The Benefits of Bloodless Surgery
Date: November 1, 2013
A new mission at Johns Hopkins aims to promote more bloodless surgeries, using methods that reduce the need for transfusions.
“We’re seeing that we can do a lot more with less blood during surgery and afterward,” says anesthesiologist Steven Frank, medical director of
The Johns Hopkins Hospital’s Center for Bloodless Medicine and Surgery.
“Our aim is to reduce transfusions by 10 to 20 percent throughout our medical system.”
The tactics used don’t only benefit those who refuse transfusions for personal concerns about contamination or for religious beliefs, says Frank: “We’ve come to see bloodless surgery as best practice
for more patients in general.” There is a new trend nationwide toward blood conservation, which lowers risk and costs, and improves outcomes, he says.

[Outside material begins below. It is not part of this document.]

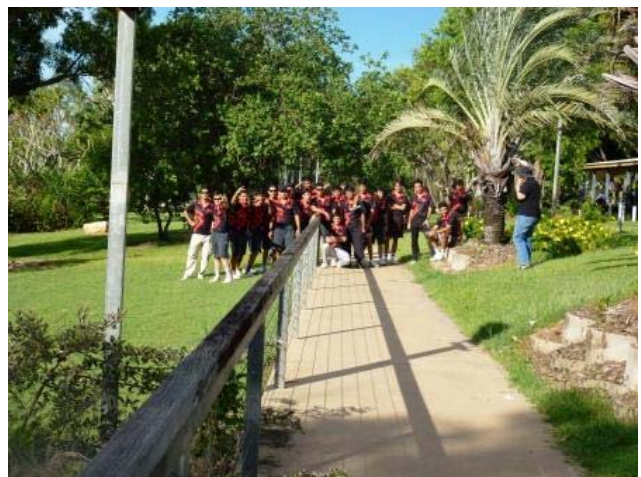
Students at the Darwin Botanic Gardens

In week two, the students visited Lake Leanyer Recreation Park, where they could swim, using the three slides (if they were over 1.2m tall), play in the water playground, or on the traditional playground equipment. They also had opportunities to play badminton and enjoy a traditional Aussie sausage sizzle. Ten-pin bowling was very popular and younger students also loved the opportunity to play in the adventure playground at the Nightcliff Tenpin Bowling Centre.

Landmark Studies in Bloodless Surgery
Driving the new goal are five landmark studies—the most recent including Johns Hopkins data. Each trial followed large numbers of sick patients experiencing blood loss during hospital stays, comparing survival based on whether or not hemoglobin levels had been boosted by transfusions.
“The bottom line,” says Frank, “was that patients held to a lower hemoglobin reading before getting transfusions did just as well or better than those transfused at a traditional higher triggering point. We see no advantages in routinely giving extra blood. All you do is introduce cost and risk.”
Transfused patients are two to three times more likely to get acquired infections, he says, and receiving donor blood sparks antibodies that work against future transfusions.
In addition, new research from Frank and colleagues shows that blood starts becoming “stale” after three weeks—far before the common blood bank shelf-life of six weeks. Red blood cell membranes stiffen, which can slow passage of red blood cells through capillaries.
One of the program’s aims is reducing blood bank demand. This means going beyond modern tactics that recycle blood lost during surgery, shrink operating fields through robotics or beef up patients’ presurgical red cell count. Tactics are increasingly patient-tailored. And research continues on best practice. A large hospital database, for example, showed Frank’s team how a simple $9 IV-based device used on one Johns Hopkins critical care unit halved blood loss due to laboratory testing.